▸ **Dataset excerpt**:
- - -

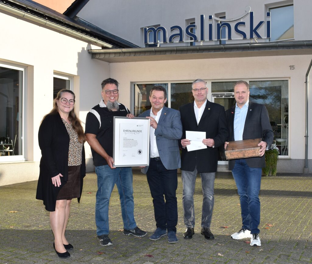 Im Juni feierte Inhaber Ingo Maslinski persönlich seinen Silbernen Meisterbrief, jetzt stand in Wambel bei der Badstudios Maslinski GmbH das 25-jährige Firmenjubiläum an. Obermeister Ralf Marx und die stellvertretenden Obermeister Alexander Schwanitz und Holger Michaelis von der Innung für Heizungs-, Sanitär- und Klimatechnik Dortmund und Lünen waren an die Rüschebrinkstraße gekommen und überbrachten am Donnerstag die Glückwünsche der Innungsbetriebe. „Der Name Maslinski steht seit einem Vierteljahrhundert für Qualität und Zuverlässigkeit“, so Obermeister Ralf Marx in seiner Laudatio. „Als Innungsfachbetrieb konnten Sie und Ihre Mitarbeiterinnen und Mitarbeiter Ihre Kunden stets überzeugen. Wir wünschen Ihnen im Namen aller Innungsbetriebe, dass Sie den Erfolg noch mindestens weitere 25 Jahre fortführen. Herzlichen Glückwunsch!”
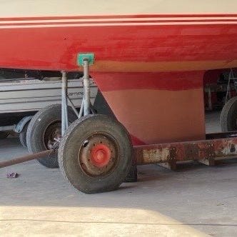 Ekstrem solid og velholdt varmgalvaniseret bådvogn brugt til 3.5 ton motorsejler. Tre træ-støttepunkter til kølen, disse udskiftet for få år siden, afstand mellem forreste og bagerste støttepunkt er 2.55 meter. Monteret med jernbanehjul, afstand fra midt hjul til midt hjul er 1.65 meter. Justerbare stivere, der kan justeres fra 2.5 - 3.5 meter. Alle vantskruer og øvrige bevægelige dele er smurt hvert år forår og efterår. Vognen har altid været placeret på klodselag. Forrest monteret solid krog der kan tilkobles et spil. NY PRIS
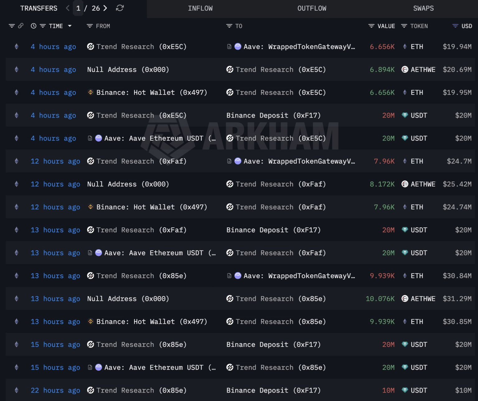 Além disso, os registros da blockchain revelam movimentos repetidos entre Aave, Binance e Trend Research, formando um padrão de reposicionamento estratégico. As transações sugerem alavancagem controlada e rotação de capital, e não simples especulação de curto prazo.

- - -

▸ **Exercise aim**:
Replicate the material above verbatim; images stay out of the copy.

▸ **Task answer**:
 Im Juni feierte Inhaber Ingo Maslinski persönlich seinen Silbernen Meisterbrief, jetzt stand in Wambel bei der Badstudios Maslinski GmbH das 25-jährige Firmenjubiläum an. Obermeister Ralf Marx und die stellvertretenden Obermeister Alexander Schwanitz und Holger Michaelis von der Innung für Heizungs-, Sanitär- und Klimatechnik Dortmund und Lünen waren an die Rüschebrinkstraße gekommen und überbrachten am Donnerstag die Glückwünsche der Innungsbetriebe. „Der Name Maslinski steht seit einem Vierteljahrhundert für Qualität und Zuverlässigkeit“, so Obermeister Ralf Marx in seiner Laudatio. „Als Innungsfachbetrieb konnten Sie und Ihre Mitarbeiterinnen und Mitarbeiter Ihre Kunden stets überzeugen. Wir wünschen Ihnen im Namen aller Innungsbetriebe, dass Sie den Erfolg noch mindestens weitere 25 Jahre fortführen. Herzlichen Glückwunsch!”
 Ekstrem solid og velholdt varmgalvaniseret bådvogn brugt til 3.5 ton motorsejler. Tre træ-støttepunkter til kølen, disse udskiftet for få år siden, afstand mellem forreste og bagerste støttepunkt er 2.55 meter. Monteret med jernbanehjul, afstand fra midt hjul til midt hjul er 1.65 meter. Justerbare stivere, der kan justeres fra 2.5 - 3.5 meter. Alle vantskruer og øvrige bevægelige dele er smurt hvert år forår og efterår. Vognen har altid været placeret på klodselag. Forrest monteret solid krog der kan tilkobles et spil. NY PRIS
 Além disso, os registros da blockchain revelam movimentos repetidos entre Aave, Binance e Trend Research, formando um padrão de reposicionamento estratégico. As transações sugerem alavancagem controlada e rotação de capital, e não simples especulação de curto prazo.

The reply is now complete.